Une pratique vécue des milliers de fois dans la réalité n’a quasiment pas de voix dans la politique, la médecine ou l’espace public. Cela nous rend vulnérables – sur le plan sanitaire, juridique et social.

Un club de fisting est la réponse à cette situation. Pas comme une rencontre d’arrière-salle, mais comme une structure visible et organisée.
Une association qui rassemble les savoirs, fait de l’éducation, crée des espaces et porte vers l’extérieur les intérêts de la communauté. Bref : la différence entre « quelques mecs qui se retrouvent » et « une voix citoyenne digne d’être prise au sérieux ».

Ce qu’un club apporte concrètement

  • Une éducation d’égal à égal : médicalement fondée, sans filtre moral, sans jargon clinique.
  • Schutzraum: Workshops, Stammtische, geschlossene Veranstaltungen, Peer-to-Peer-Beratung.
    Wo es sonst nur Pornoclips und Forumsschnipsel gibt, entsteht echte Community.
  • Visibilité vers l’extérieur : envers les médias, le politique, les autorités, le système de santé. Une association déclarée est prise au sérieux – un cercle d’amis informel ne l’est pas.
  • Soutien structurel : demandes de subventions, dons, coopérations avec des associations de lutte contre le sida, des checkpoints, des organisations de Pride. Tout cela ne se fait qu’avec une forme juridique.
  • Travail d’accueil pour les nouveaux et les débutants : une personne qui débute ne devrait pas dépendre de groupes Telegram ou de profils douteux pour apprendre les bases.

Les arguments que vous entendrez probablement – et nos réponses

« C’est bien trop niche. » Pas du tout. Le fisting est pratiqué par des milliers de personnes dans chaque grande ville – simplement de façon invisible. C’est précisément cette invisibilité qui explique le manque cruel d’éducation sérieuse sur le sujet.
Un club change cela.

« On va se rendre attaquables. » C’est exactement le contraire. Une organisation déclarée et reconnue d’utilité publique a une autre stature face aux autorités, aux banques et aux propriétaires qu’un regroupement informel. La visibilité protège – le silence non.

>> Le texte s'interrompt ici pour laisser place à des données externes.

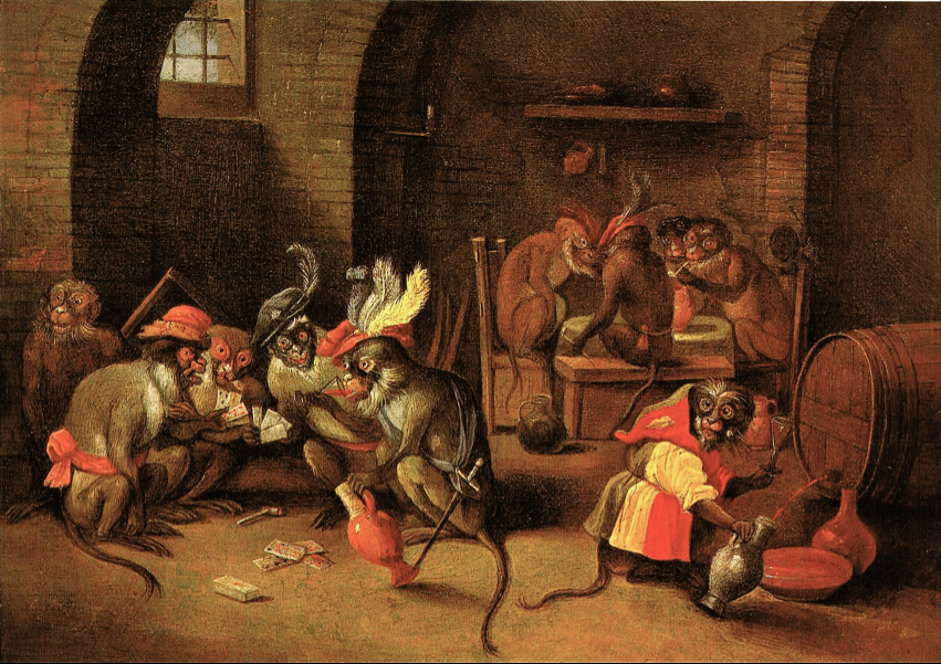 A singerie: monkeys in a guard room playing cards, drinking and smoking

« Le sujet est trop sensible pour une association. » Les associations de lutte contre le sida, les services d’aide aux usagers de drogues, les associations de travailleur·euse·s du sexe, les clubs BDSM – toutes et tous ont surmonté la même réticence. Nous ne sommes pas les premiers à porter des sujets difficiles de manière organisée. Nous sommes simplement un peu en retard.

« Je n’ai pas le temps pour les histoires d’association. » Compris. Une association ne tient pas grâce à une seule personne qui fait tout – mais grâce à plusieurs personnes qui prennent chacune une petite part. C’est précisément à cela que servent le bureau, les comités consultatifs, les groupes de travail. Et c’est précisément à cela que nous servons : nous fournissons des modèles, des conseils et des structures pour que vous ne partiez pas de zéro.

Un club de fisting n’est pas un exercice de mise en avant personnelle. C’est une infrastructure – pour l’éducation, la protection et la communauté. Celles et ceux qui en fondent un ne se construisent pas une scène, mais une fondation pour les autres.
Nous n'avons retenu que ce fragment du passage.